6. The obstacle detection method according to claim 3, characterized in that, The step of predicting obstacles based on the feature tensors according to the relationships between ray adjacency and point adjacency, as well as different frames and different ray directions, and determining obstacles in the driving scene based on the prediction results includes: Using a preset feature fusion algorithm, the feature tensors corresponding to each three-dimensional sampling point are fused according to the relationship between ray adjacency and point adjacency, as well as different frames and different ray directions, to obtain the fused feature tensor. Extract the parameters from each of the fused feature tensors, and identify obstacles in the driving scene based on the parameters.
7. The obstacle detection method according to claim 6, characterized in that, The method utilizes a preset feature fusion algorithm to fuse the feature tensors corresponding to each 3D sampling point according to the relationships between ray adjacency and point adjacency, as well as different frames and different ray directions, to obtain a fused feature tensor, including: Convolve all three-dimensional sampling points according to the ray adjacency and point adjacency relationships of the corresponding tensor features to obtain the first fused feature tensor. The first fused feature tensors are fused and calculated using a self-attention mechanism according to different frames and different ray directions to obtain the fused feature tensor.

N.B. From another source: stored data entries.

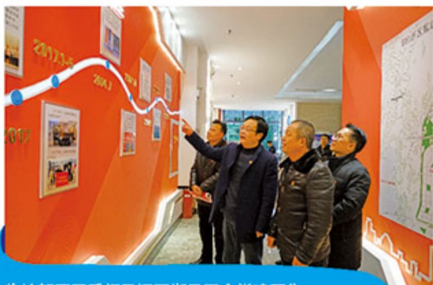
临桂新区工委领导调研指导国企党建工作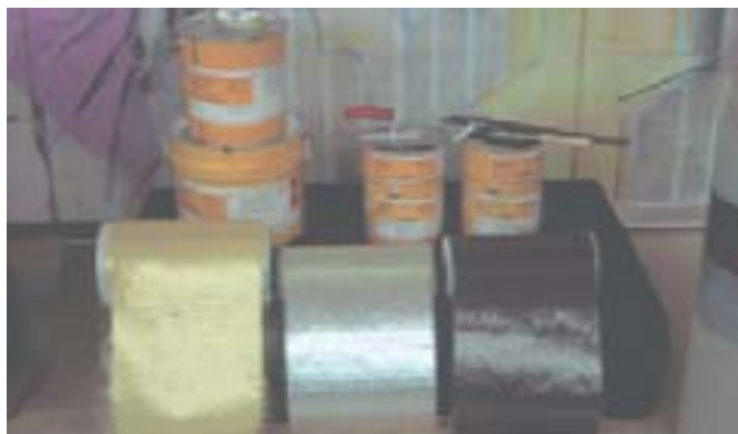
Gama de tejidos (aramida, vidrio, carbono)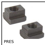
PRES Accessori per pressa PRES-3HR e PRES-4HR, Coppia di dadi per scanala...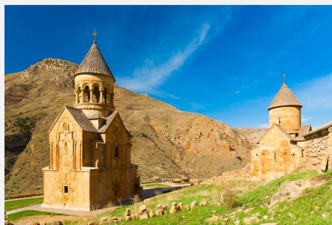
Μοναστήρι στα βουνά της Αρμενίας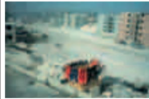
Fig. 019 Outskirts of Tijuana, B.C. [1995] 75 x 101 cm

8. An obstacle detection device, characterized in that, The obstacle detection device includes: The feature extraction module is used to acquire image data of the driving scene where the main vehicle is located, and extract image features from the image data; The selection module is used to select multiple three-dimensional sampling points by extending outward in different directions with the main vehicle as the origin. The tensor extraction module is used to determine the image coordinates of the three-dimensional sampling points in the image features based on the image acquisition parameters of the main vehicle, and to extract the feature tensors of the corresponding three-dimensional sampling points based on the image coordinates. The obstacle detection module is used to predict obstacles based on the feature tensors according to the relationships between ray adjacency and point adjacency, as well as different frames and different ray directions, and to determine the obstacles in the driving scene based on the prediction results.
9. An obstacle detection device, characterized in that, The obstacle detection device includes: a memory and at least one processor, wherein the memory stores instructions, and the memory and the at least one processor are interconnected via a circuit; The at least one processor invokes the instructions in the memory to cause the obstacle detection device to perform the steps of the obstacle detection method as described in any one of claims 1-7.
10. A computer-readable storage medium storing a computer program thereon, characterized in that, When the computer program is executed by the processor, it implements the various steps of the obstacle detection method as described in any one of claims 1-7.